DATA FOR REVIEW Start Marker

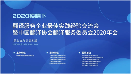 由中國譯協(xié)翻譯服務(wù)委員會主辦的 “2020疫情下翻譯服務(wù)企業(yè)最佳實(shí)踐經(jīng)驗(yàn)交流會暨中國翻譯協(xié)會翻譯服務(wù)委員會2020年會”于9月26日以線上形式召開,會議主題為“同心協(xié)力,共克時(shí)艱”。來自委員會成員單位、語言服務(wù)行業(yè)企業(yè)、高等院校、科研機(jī)構(gòu)及行業(yè)組織的代表近200人參加會議。
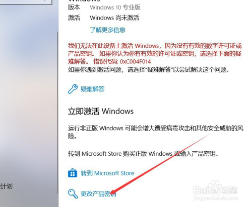 进入到激活界面后,把鼠标滚动到最下面,找到"更改产物密匙",点击它,会弹出密匙的输入窗口,
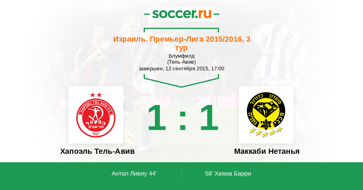 Израиль. Премьер-Лига 10.04.2016 Маккаби Нетанья Логотип футбольный клуб Маккаби Нетанья 0:1 Логотип футбольный клуб Хапоэль Тель-Авив Хапоэль Тель-Авив
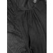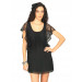 Black sleeveless flared tunic with black lining that has shell made of 100% silk, lining made of 100% polyester and waterfall lace panels over the arm holes made of 100% nylon, with a long zippered back
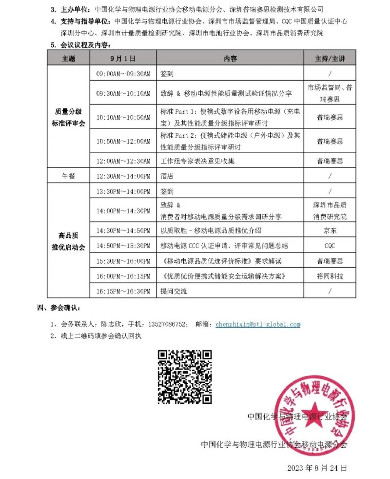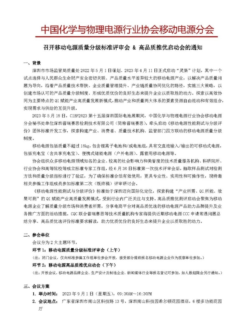 2023年5月18日,中国化学与物理电源行业协会移动电源分会秘书处单位深圳普瑞赛思检测技术有限公司(简称“普瑞赛思”),牵头启动《移动电源性能测试与分级评价》团体标准开发工作,探索构建产业、消费者、质量技术机构、监管部门四方联动的移动电源质量分级制度。已聚集众多移动电源领域知名的企业、具有社会影响力的技术质量服务机构、科研院校、行业协会等单位成立标准专家工作组,6月30日标准第一次技术评审会后,普瑞赛思抽取样品测试对检测方法和质量分级指标进行了验证。为了确保标准合法有效使用,更具专业性、实用性和可操作性,现邀请相关参编工作组成员参加标准第二次(即终稿)评审研讨会。本次移动电源质量分级标准评审会同期举办高品质推优启动会,帮助移动电源企业了解质量分级市场和消费者所需,分享电商平台对高品质优选移动电源产品的品牌提升及业务推广活动措施。同时,CQC将联合普瑞赛思等技术质量机构专家总结分析近期移动电源CCC申请常见问题,解读高品质优选评价标准要求,助力打造优质优价的产品生态体系。
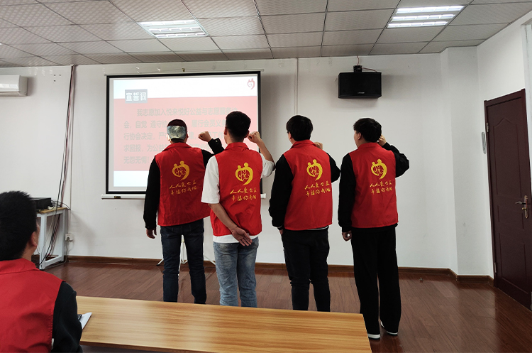 随后,在优秀会员代表的带领下,新加入协会的成员们全体起立,右手握拳,进行庄严的入会宣誓,并向新成员们戴上徽章。通过新会员宣誓仪式,既增加了新会员对悦公益协会会员的身份认同感,也更加坚定了新会员的责任感和使命感。
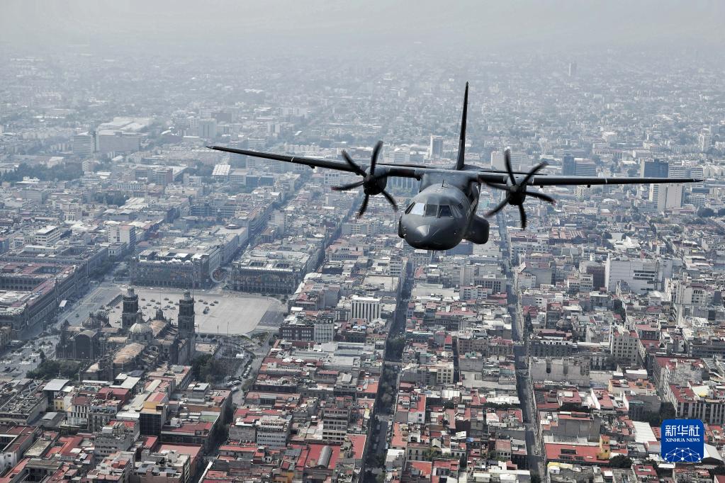 2021年9月16日,參加閱兵式的空軍飛機飛過墨西哥首都墨西哥城憲法廣場的上空。當天,墨西哥在首都墨西哥城舉行閱兵式慶祝獨立日。
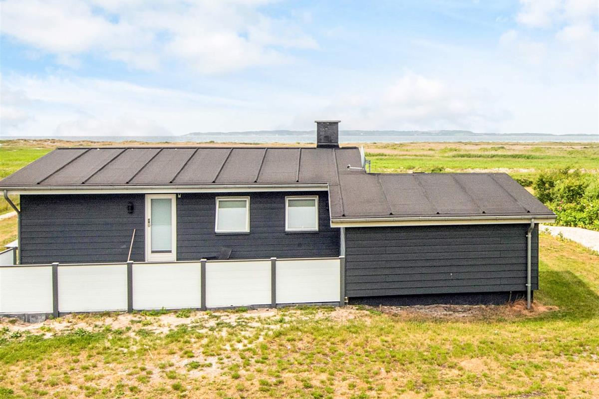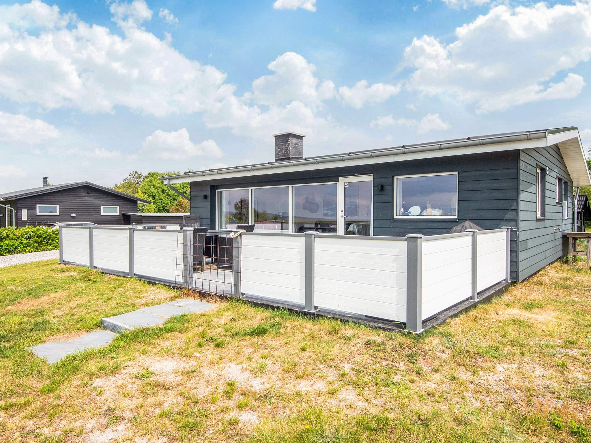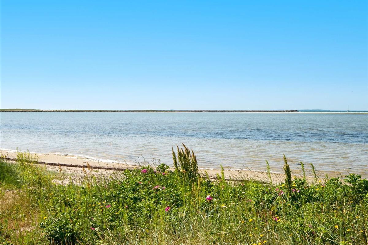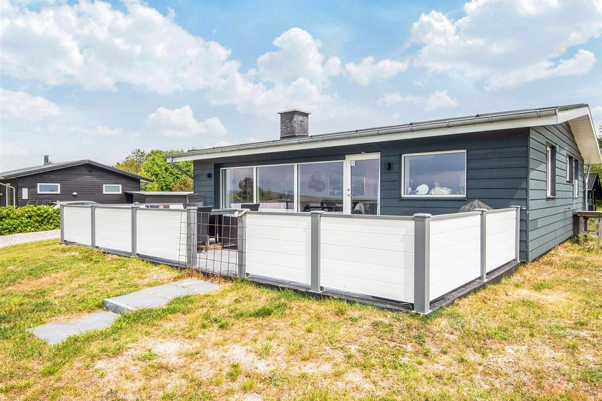 Das Ferienhaus liegt leicht erhöht im Vergleich zu den anderen Häusern der Gegend und bietet daher uneingeschränkten Panoramaausblick zur Küstenlandschaft und zum Wasser am Horizont. Dort sind an klaren Tagen u.a. auch die Insel Hjelm, der Ort Helgenæs, Schiffe und Fähren sowie einige Kite-Surfer zu beobachten. Das Haus hat auf beiden Seiten Terrassenflächen, die je nach Tageszeit Sonne bieten.
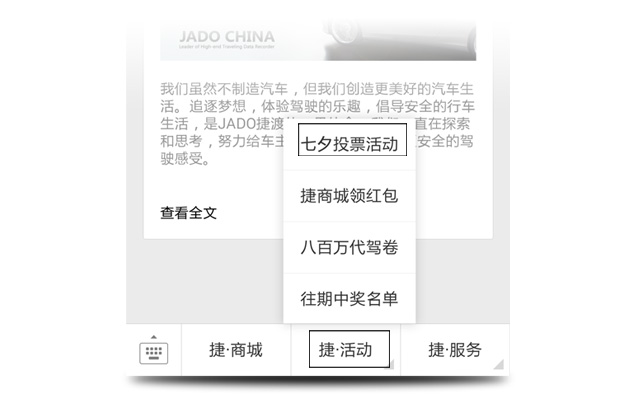 關(guān)注并打開公眾號[捷渡中國]點擊[捷·活動]--[七夕投票活動]
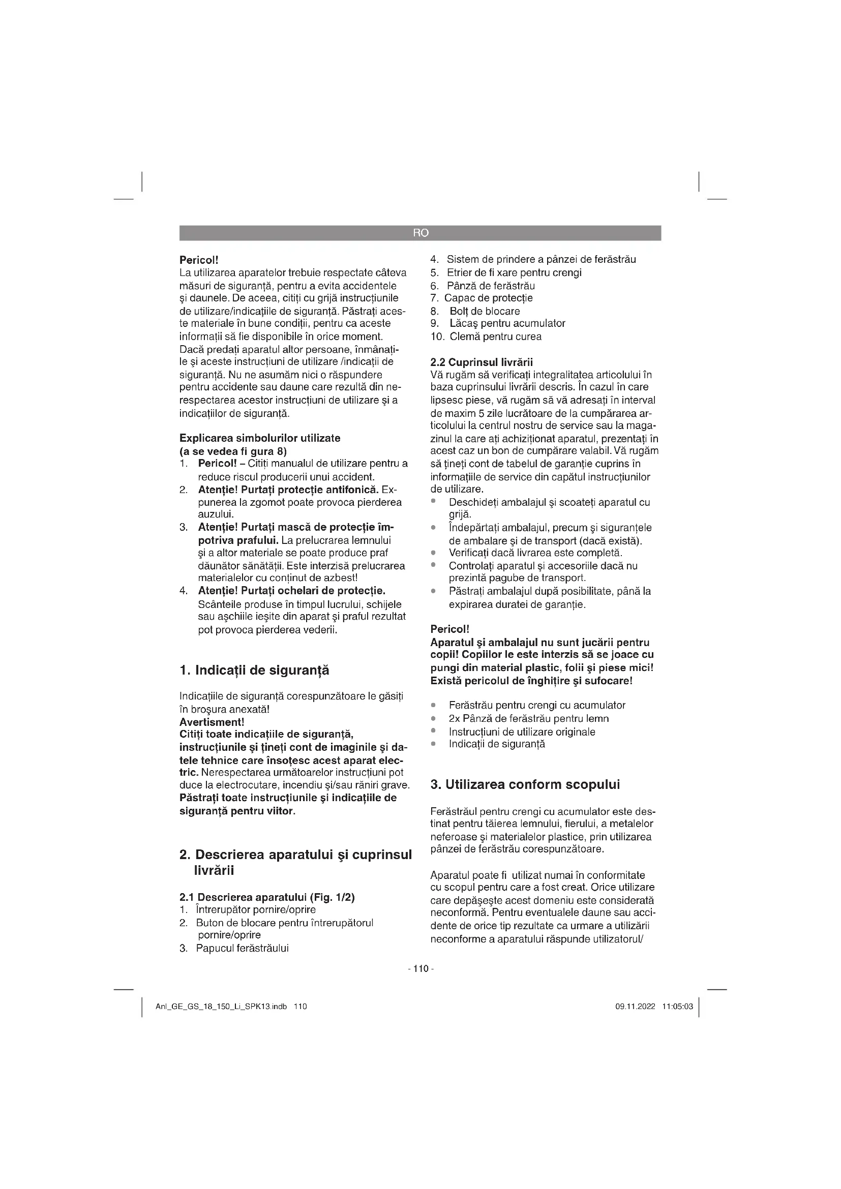 Ferăstrăul pentru crengi cu acumulator este des- tinat pentru tăierea lemnului, fi erului, a metalelor neferoase şi materialelor plastice, prin utilizarea pânzei de ferăstrău corespunzătoare. Aparatul poate fi utilizat numai în conformitate cu scopul pentru care a fost creat. Orice utilizare care depăşeşte acest domeniu este considerată neconformă. Pentru eventualele daune sau acci- dente de orice tip rezultate ca urmare a utilizării neconforme a aparatului răspunde utilizatorul/ Anl_GE_GS_18_150_Li_SPK13.indb 110Anl_GE_GS_18_150_Li_SPK13.indb 110 09.11.2022 11:05:0309.11.2022 11:05:03RO
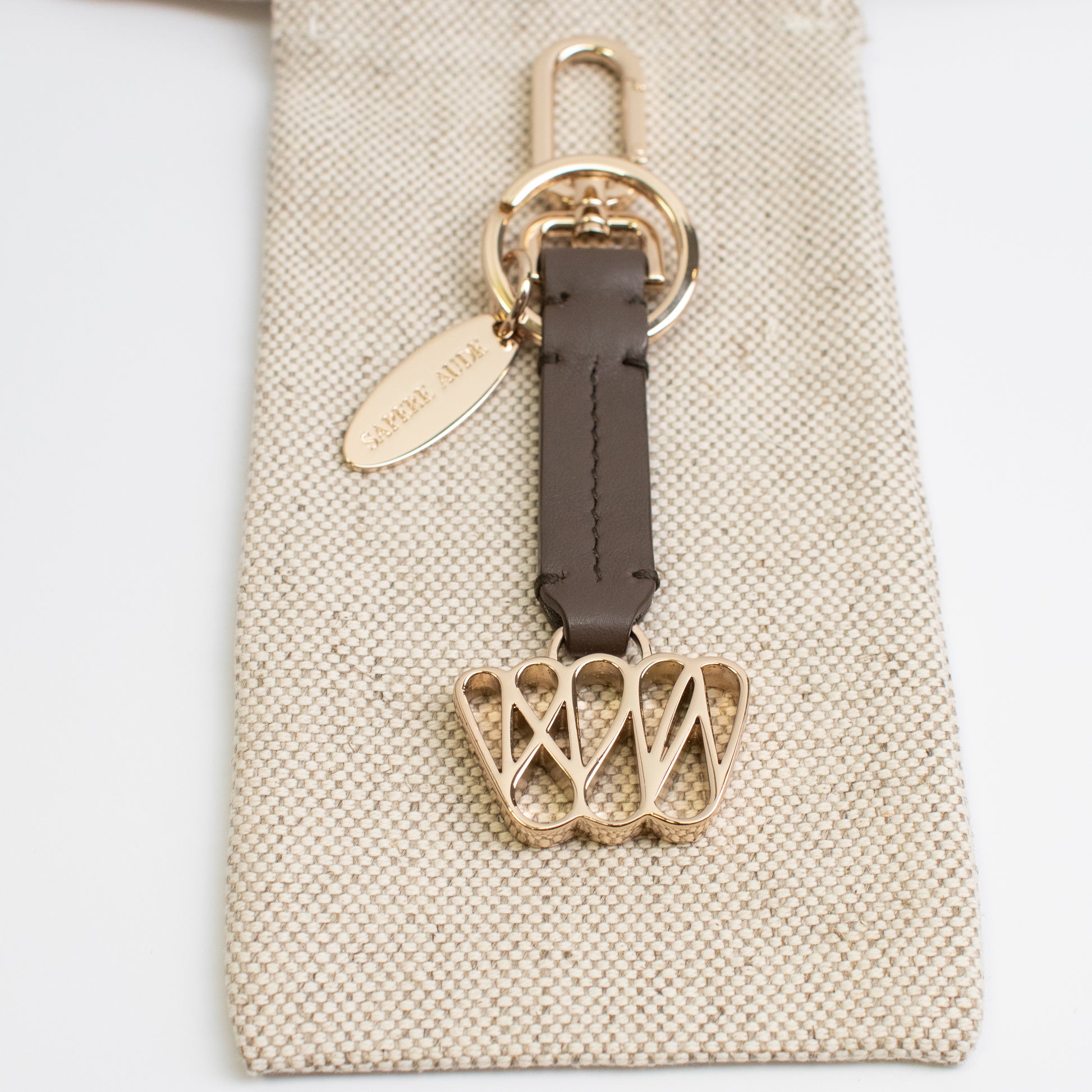 Made from rescued calfskin leather, with light gold hardware and engraved Sapere Aude brass tag. A limited-edition charm—inspired by the iconic collars of Tudor and Renaissance queens. Carry a symbol of presence, power and poise.
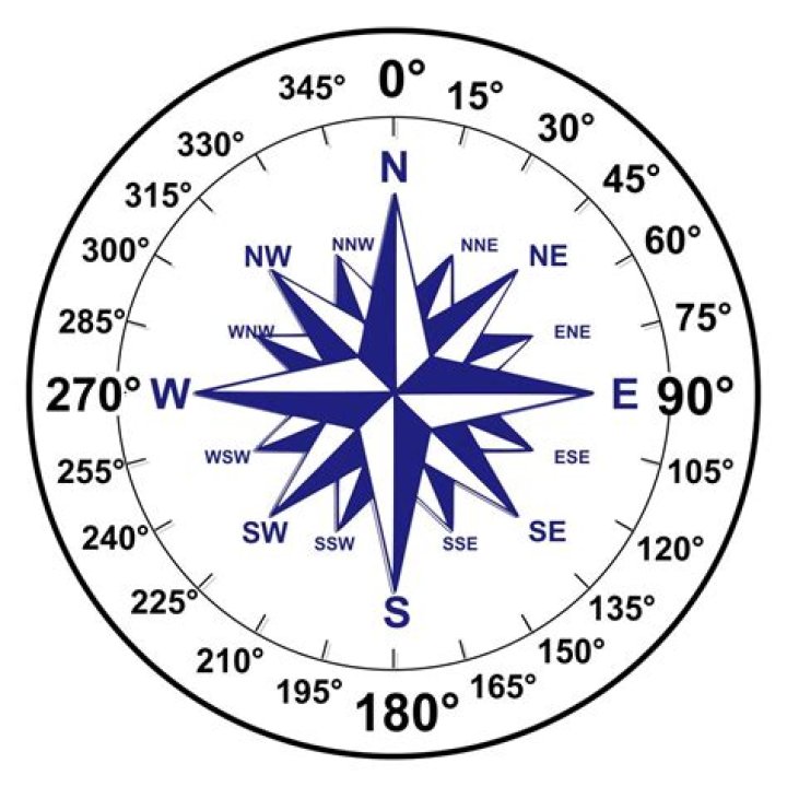 An angle of 0° corresponds to north, a 90° angle corresponds to east, a 180° angle to south, 270° to west and finally, an angle of 360° (that is, a full circle) corresponds again to north.
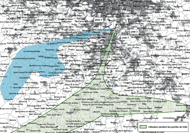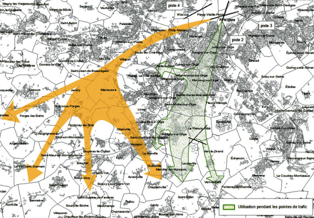 Ainsi, pour les atterrissages et en heure de pointe, par vent d’est à nord. l’utilisation de la piste 2, celle dont le seuil est aux abords du magasin Carrefour d’Athis Mons et de la N7. Les trajectoires sont plus souvent proches de Mennecy qu’en temps normal
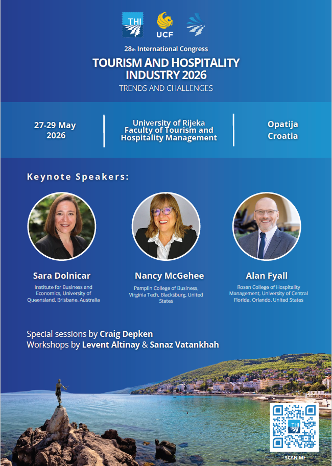 Fakultet za menadžment u turizmu i ugostiteljstvu, Sveučilišta u Rijeci, u suradnji s Rosen College of Hospitality Management, University of Central Florida, organizira 28. međunarodni kongres Tourism & Hospitality Industry – Trends and Challenges (THI 2026). Kongres će se održati na Fakultetu za menadžment u turizmu i ugostiteljstvu u Opatiji od 27. do
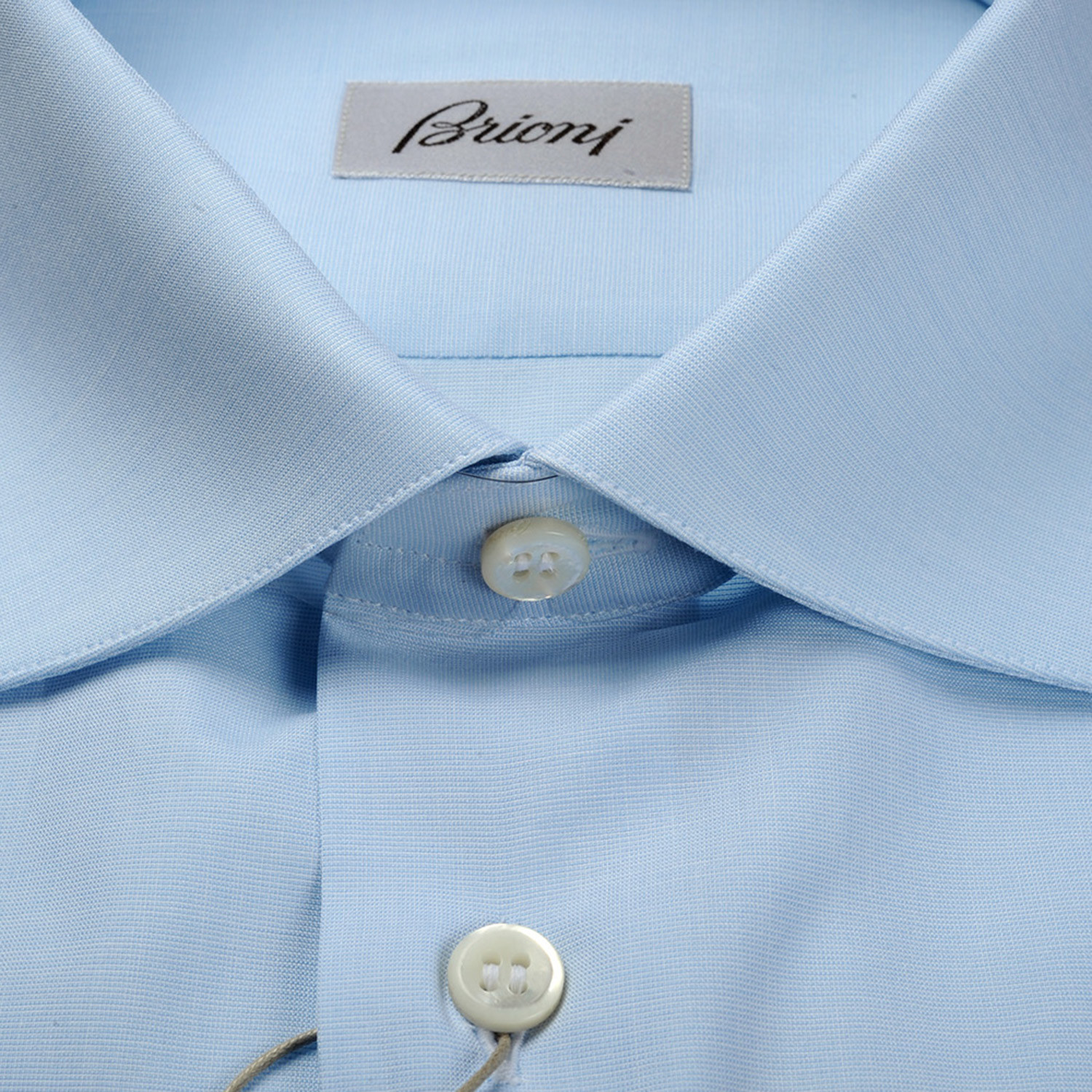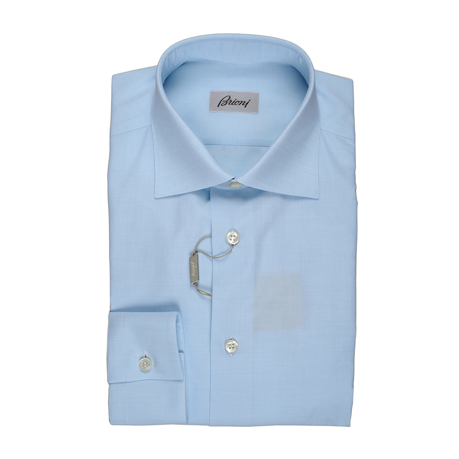 With its svelte tailoring and crisp appeal, this uncomplicated Brioni dress shirt exudes a classic style that transcends time and trend. Boasting contrast buttons, adjustable cuffs, and a spread collar, it's the clear-cut choice for office-wear and dressy occasions alike.

DATA FOR REVIEW End Marker

### TRY IT
Pictures stay out. Print the lines of the records above exactly, from the first through the one with "进入到激活界面后,把鼠标滚动".

### COMPLETED EXERCISE
 由中國譯協(xié)翻譯服務(wù)委員會主辦的 “2020疫情下翻譯服務(wù)企業(yè)最佳實(shí)踐經(jīng)驗(yàn)交流會暨中國翻譯協(xié)會翻譯服務(wù)委員會2020年會”于9月26日以線上形式召開,會議主題為“同心協(xié)力,共克時(shí)艱”。來自委員會成員單位、語言服務(wù)行業(yè)企業(yè)、高等院校、科研機(jī)構(gòu)及行業(yè)組織的代表近200人參加會議。
 进入到激活界面后,把鼠标滚动到最下面,找到"更改产物密匙",点击它,会弹出密匙的输入窗口,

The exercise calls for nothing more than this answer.